Identification of a unique core domain of par-4 sufficient for selective apoptosis induction in cancer cells

Abstract

Recent studies indicated that the leucine zipper domain protein Par-4 induces apoptosis in certain cancer cells by activation of the Fas prodeath pathway and coparallel inhibition of NF-kappaB transcriptional activity. However, the intracellular localization or functional domains of Par-4 involved in apoptosis remained unknown. In the present study, structure-function analysis indicated that inhibition of NF-kappaB activity and apoptosis is dependent on Par-4 translocation to the nucleus via a bipartite nuclear localization sequence, NLS2. Cancer cells that were resistant to Par-4-induced apoptosis retained Par-4 in the cytoplasm. Interestingly, a 59-amino-acid core that included NLS2 but not the C-terminal leucine zipper domain was necessary and sufficient to induce Fas pathway activation, inhibition of NF-kappaB activity, and apoptosis. Most important, this core domain had an expanded target range for induction of apoptosis, extending to previously resistant cancer cells but not to normal cells. These findings have identified a unique death-inducing domain selective for apoptosis induction in cancer cells (SAC domain) which holds promise for identifying key differences between cancer and normal cells and for molecular therapy of cancer.

FIG. 1.

Nuclear localization of Par-4 correlates with apoptosis induction. PC-3 and LNCaP cells were fixed and probed with Par-4 antibody to detect expression of endogenous Par-4. Nuclei were visualized by staining with propidium iodide. Intracellular localization of endogenous Par-4 was recorded by confocal microscopy.
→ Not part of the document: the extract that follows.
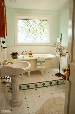 三要素定色屬于暖色系的紅、黃、橙,令人溫暖、喜悅,同時使空間感覺變小,而藍(lán)、綠等冷色系的顏色令人感覺寒冷、冷靜,使空間感覺較寬敞;另外,彩度及明度較高的色彩可塑造空間的寬敞,反之則使空間有穩(wěn)重感。除了色彩本身,照明效果就象色彩的“魔術(shù)師”,相同的顏色常因不同的光線亮度,在視覺上產(chǎn)生差異。因此,為衛(wèi)生間選擇色調(diào)前,應(yīng)綜合考慮以上三要素。

Par-4 images are shown in the left panels, and overlay of Par-4 and propidium iodide images are shown in the right panels (A). Cells were transfected with GFP-Par-4 and treated with propidium iodide to detect nuclei. Intracellular localization of GFP-Par-4 was recorded by confocal microscopy (B). GFP-Par-4 images are shown in the left panels, and overlay of GFP-Par-4 and propidium iodide images are shown in the right panels. Note yellow color resulting from colocalization of GFP green fluorescence with reddish-orange propidium iodide staining (right panels), indicating nuclear expression of Par-4. The percentage of cells with strictly cytoplasmic and with cytoplasmic and nuclear Par-4 is indicated above each panel as C and C/N, respectively. To determine percent apoptosis, cells were transfected with GFP-Par-4 and the GFP vector as a control and subjected to DAPI staining. Apoptotic cells were quantified and expressed as a percentage of the total number of transfected cells (C).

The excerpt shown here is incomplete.